# [WORK TO COMPLETE]
Return the records word for word. Any pictures in them are not part of the copy.

[Data extracted from a collection]
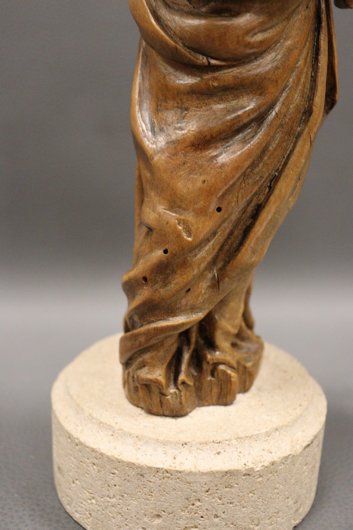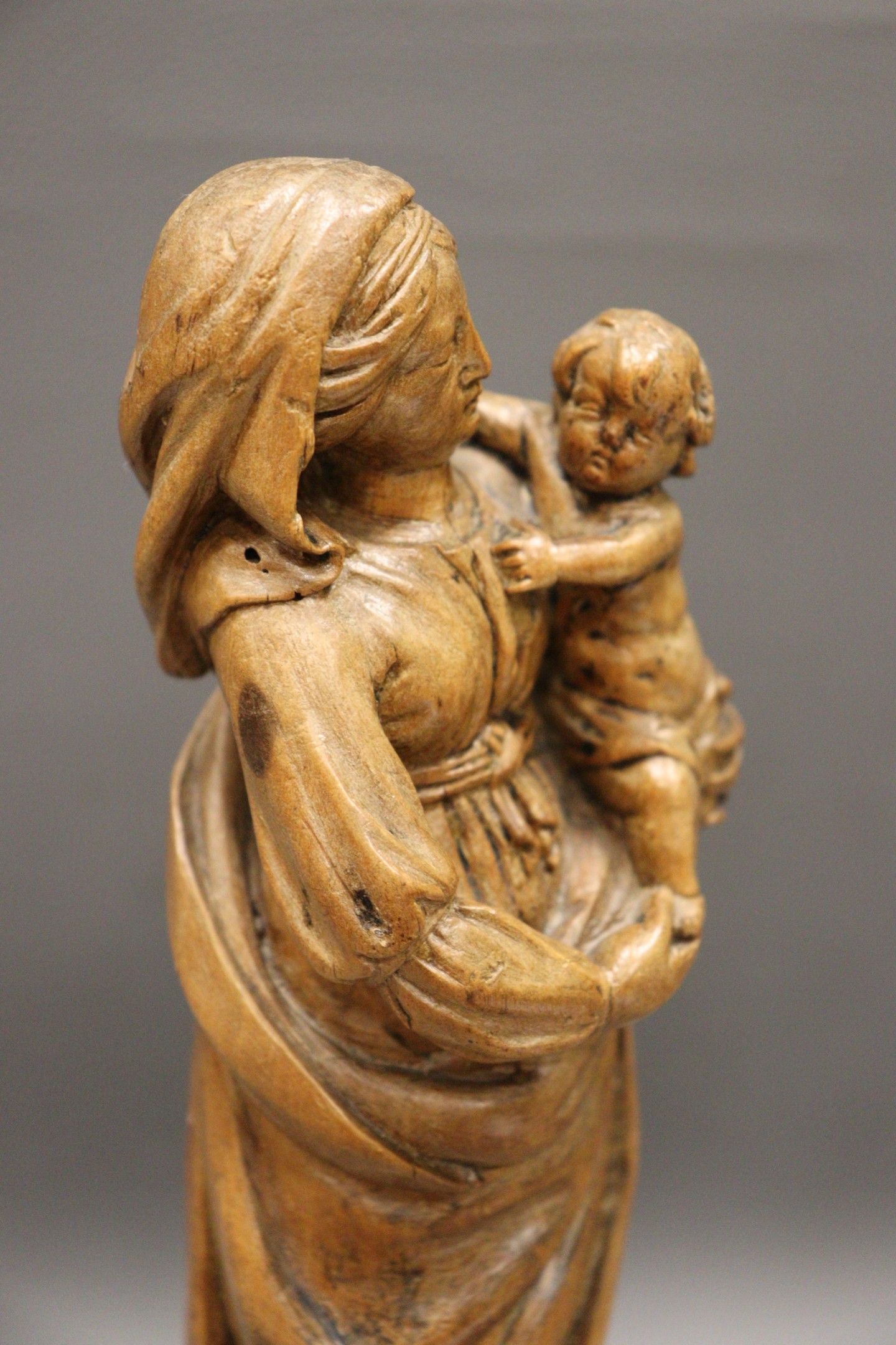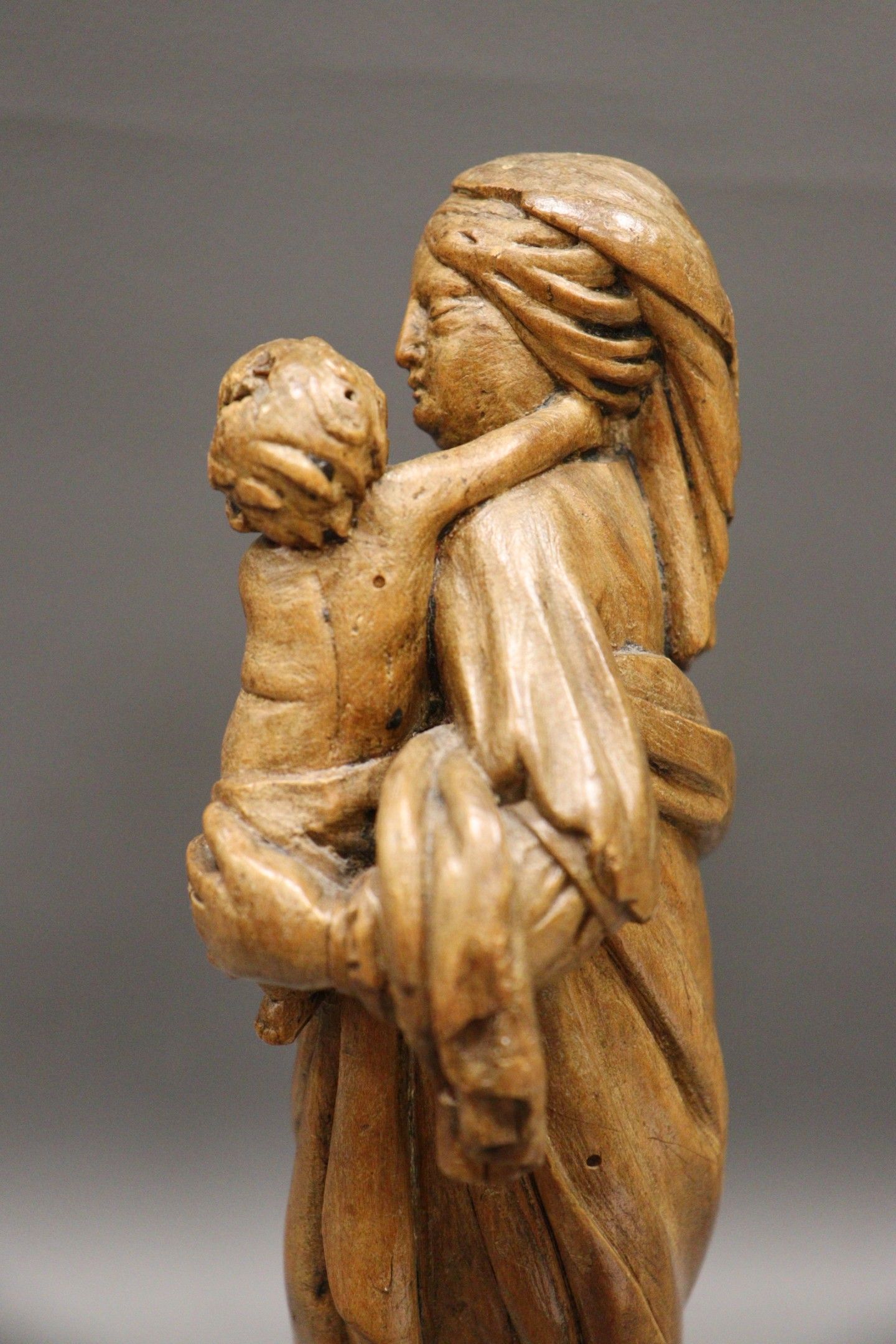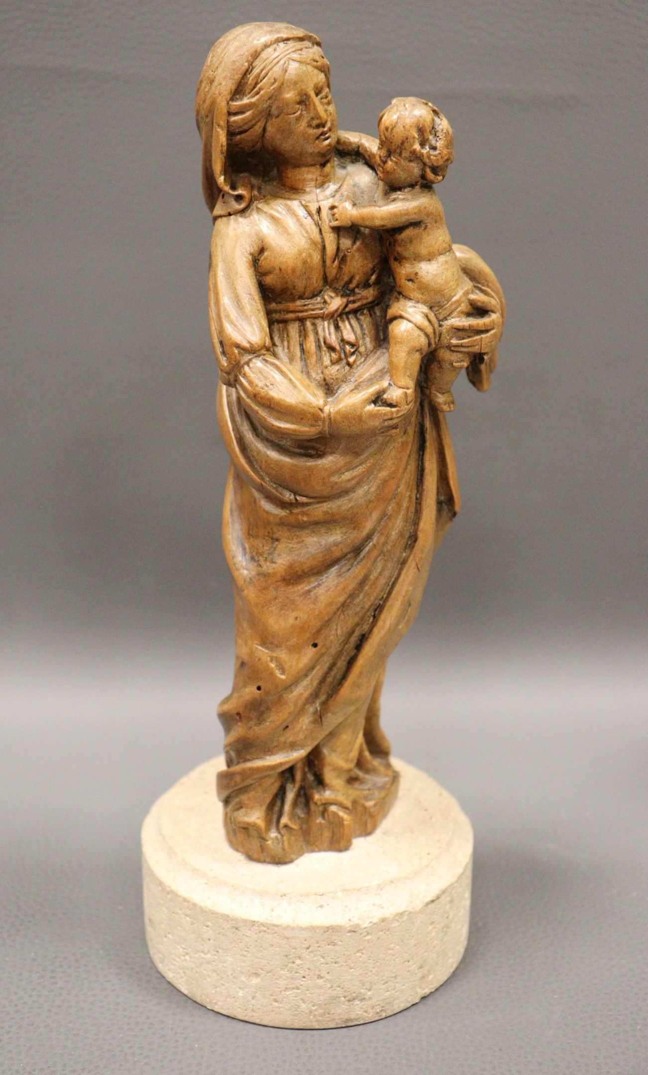 Early 18th century. Virgin and Child. Wood carved in the round (worn, damaged and missing). Circular stone base. Height: 27 cm
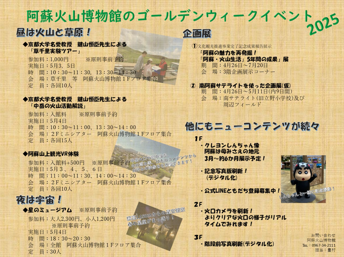 昨年好評だった鍵山先生の草千里実験ツアーやおなじみの星のミュージアムなど、イベントを多数開催いたします。
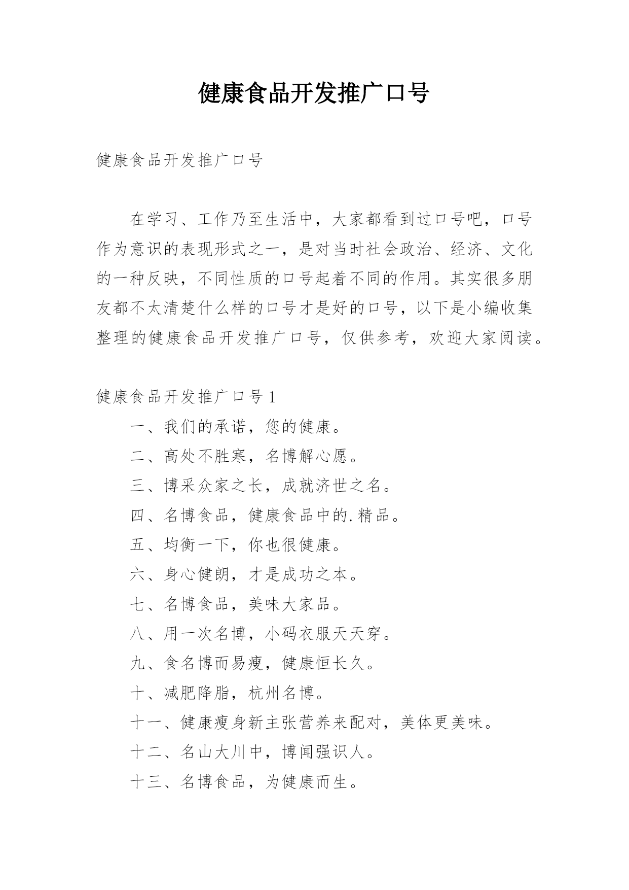健康食品开发推广口号健康食品开发推广口号在学习、工作乃至生活中,大家都看到过口号吧,口号作为意识的表现形式之一,是对当时社会政治、经济、文化的一种反映,不同性质的口号起着不同的作用。其实很多朋友都不太清楚什么样的口号才是好的口号,以下是小编收集整理的健康食品开发推广口号,仅供参考,欢迎大家阅读。健康食品开发推广口号1一、我们的承诺,您的健康。二、高处不胜寒,名博解心愿。三、博采众家之长,成就济世之名。四、名博食品,健康食品中的.精品。五、均衡一下,你也很健康。六、身心健朗,才是成功之本。七、名博食品,美味
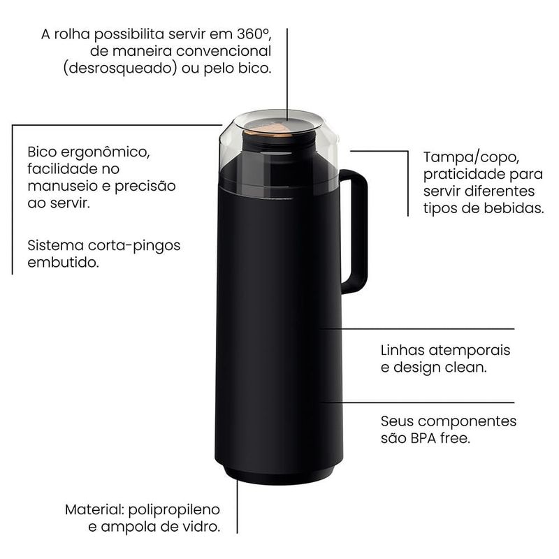 Garrafa Térmica Tramontina Exata em Polipropileno Preta 1 L REF: 236679_Sicredi
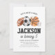 Invite friends and family to your kiddo's birthday party with this sports themed invitation.
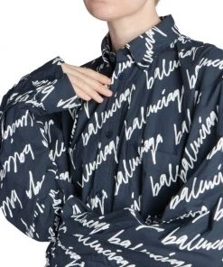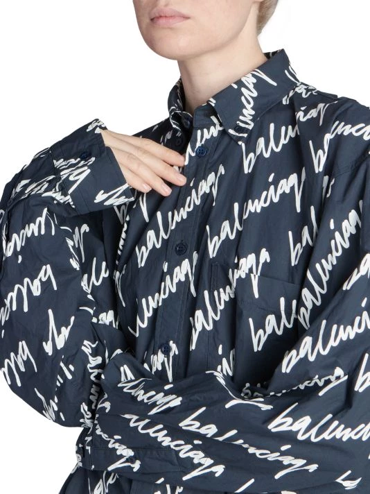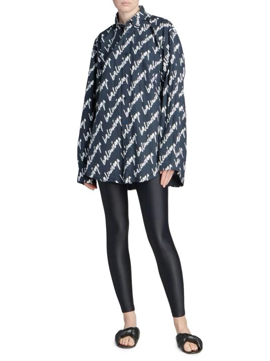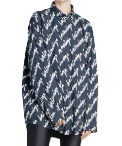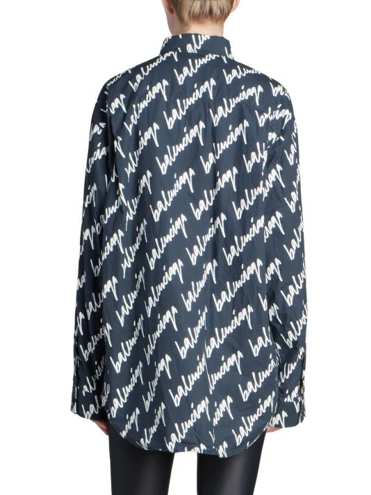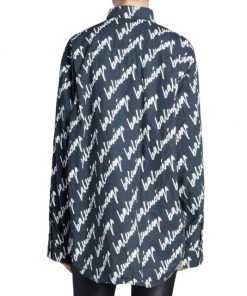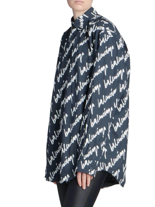 Balenciaga takes on a cyber-glam aesthetic, working lavish details like sequins and boas into baggy, oversized garments. Perfected by Creative Director Demna Gvasalia, this collection encompasses over-the-top platforms, pleated dresses, and strappy studded jeans. Oversized button down shirt with large contrast scribble branding.
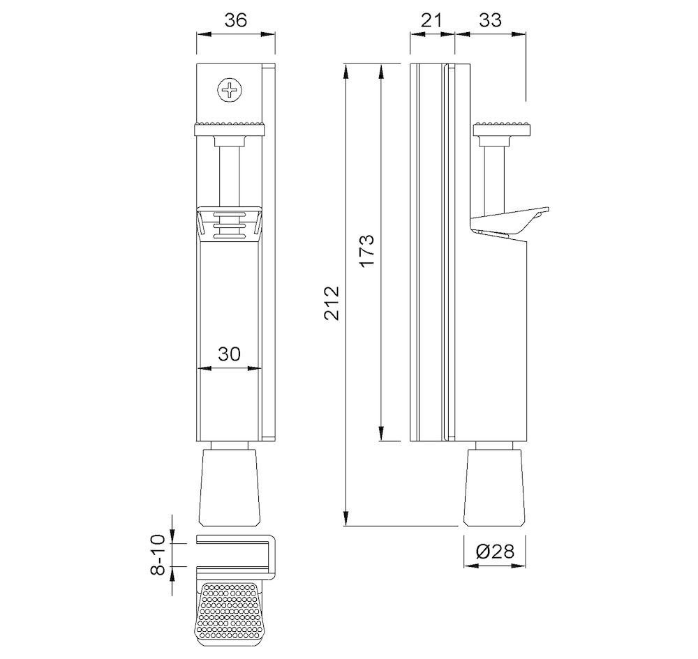 KWS Objekttür Türfeststeller, Ausführung: mit Tretbolzen, mit Gummistopfen, mit Konterfeder, mit Klemmplatte, Modellnummer: 1133, Befestigungsart: Klemmbefestigung für Glastüren, Material: aluminium, Farbton: Neusilber, Oberfläche: eloxiert, geschliffen, poliert, Breite: 36 mm, Hub: 30 mm, DIN-Richtung: DIN Links-Rechts, Türgewicht max.: 40 kg, Material Tretbolzen: edelstahl, Türstärke min.: 8 mm, Türstärke max.: 10 mm, Farbe Gummi: grau
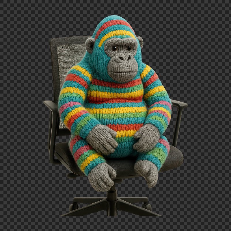 PNG Colorful knitted gorilla chair https://www.rawpixel.com/image/24475027/png-colorful-knitted-gorilla-chairView license
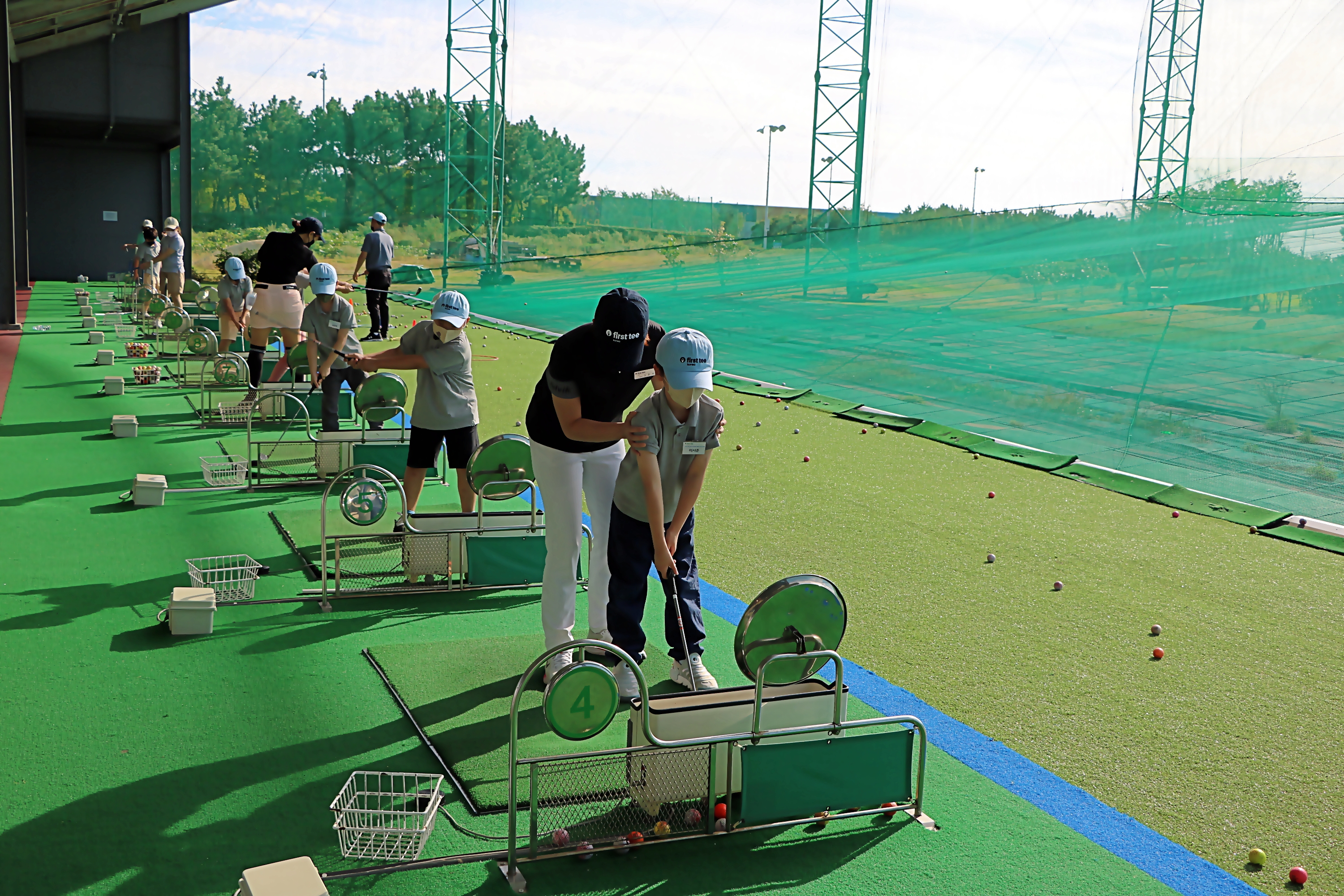 교대로 실습하고 있는 가운데 개인별로 레슨을 해주고 있는 모습
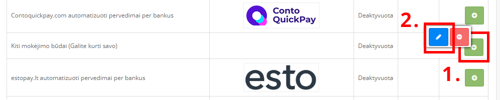 1. Parduotuvėje keliaujame į Nustatymai > Atsiskaitymo būdai. Randame modulį „Kiti mokėjimo būdai (Galite kurti savo)“, jei modulis nebuvo nė karto naudotas – įdiegiame jį žaliu mygtuku su pliuso simboliu  [1]. Įdiegus modulį, jo valdymo eilutėje atsiranda mėlynas redagavimo mygtukas su pieštuko simboliu – spaudžiame redaguoti [2].
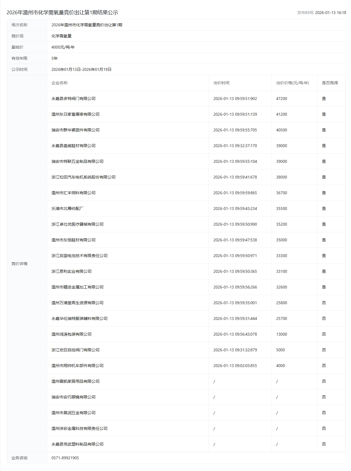 2026年温州市化学需氧量竞价出让第1期结果公示
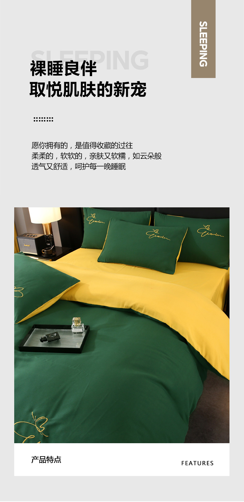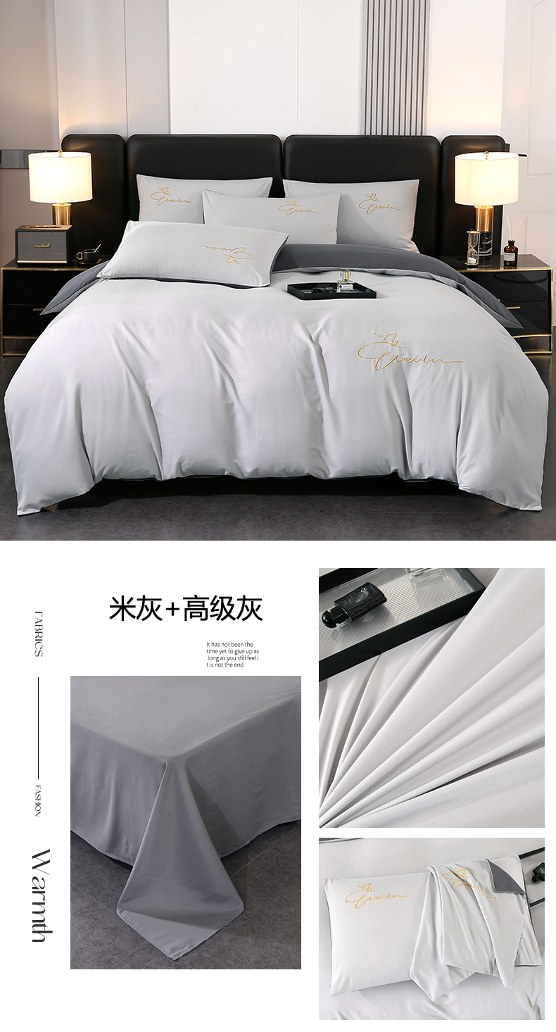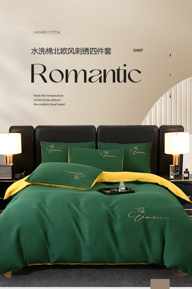 商品名称:(总)(买家秀 爆款花色不断货)A类母婴级纯棉磨毛四件套磨毛刺绣四件套全棉磨毛四件套纯色双拼四件套-四件套

# [RESPONSE TO THE TASK]
 Early 18th century. Virgin and Child. Wood carved in the round (worn, damaged and missing). Circular stone base. Height: 27 cm
 昨年好評だった鍵山先生の草千里実験ツアーやおなじみの星のミュージアムなど、イベントを多数開催いたします。
健康食品开发推广口号健康食品开发推广口号在学习、工作乃至生活中,大家都看到过口号吧,口号作为意识的表现形式之一,是对当时社会政治、经济、文化的一种反映,不同性质的口号起着不同的作用。其实很多朋友都不太清楚什么样的口号才是好的口号,以下是小编收集整理的健康食品开发推广口号,仅供参考,欢迎大家阅读。健康食品开发推广口号1一、我们的承诺,您的健康。二、高处不胜寒,名博解心愿。三、博采众家之长,成就济世之名。四、名博食品,健康食品中的.精品。五、均衡一下,你也很健康。六、身心健朗,才是成功之本。七、名博食品,美味
 Garrafa Térmica Tramontina Exata em Polipropileno Preta 1 L REF: 236679_Sicredi
 Invite friends and family to your kiddo's birthday party with this sports themed invitation.
 Balenciaga takes on a cyber-glam aesthetic, working lavish details like sequins and boas into baggy, oversized garments. Perfected by Creative Director Demna Gvasalia, this collection encompasses over-the-top platforms, pleated dresses, and strappy studded jeans. Oversized button down shirt with large contrast scribble branding.
 KWS Objekttür Türfeststeller, Ausführung: mit Tretbolzen, mit Gummistopfen, mit Konterfeder, mit Klemmplatte, Modellnummer: 1133, Befestigungsart: Klemmbefestigung für Glastüren, Material: aluminium, Farbton: Neusilber, Oberfläche: eloxiert, geschliffen, poliert, Breite: 36 mm, Hub: 30 mm, DIN-Richtung: DIN Links-Rechts, Türgewicht max.: 40 kg, Material Tretbolzen: edelstahl, Türstärke min.: 8 mm, Türstärke max.: 10 mm, Farbe Gummi: grau
 PNG Colorful knitted gorilla chair https://www.rawpixel.com/image/24475027/png-colorful-knitted-gorilla-chairView license
 교대로 실습하고 있는 가운데 개인별로 레슨을 해주고 있는 모습
 1. Parduotuvėje keliaujame į Nustatymai > Atsiskaitymo būdai. Randame modulį „Kiti mokėjimo būdai (Galite kurti savo)“, jei modulis nebuvo nė karto naudotas – įdiegiame jį žaliu mygtuku su pliuso simboliu  [1]. Įdiegus modulį, jo valdymo eilutėje atsiranda mėlynas redagavimo mygtukas su pieštuko simboliu – spaudžiame redaguoti [2].
 2026年温州市化学需氧量竞价出让第1期结果公示
 商品名称:(总)(买家秀 爆款花色不断货)A类母婴级纯棉磨毛四件套磨毛刺绣四件套全棉磨毛四件套纯色双拼四件套-四件套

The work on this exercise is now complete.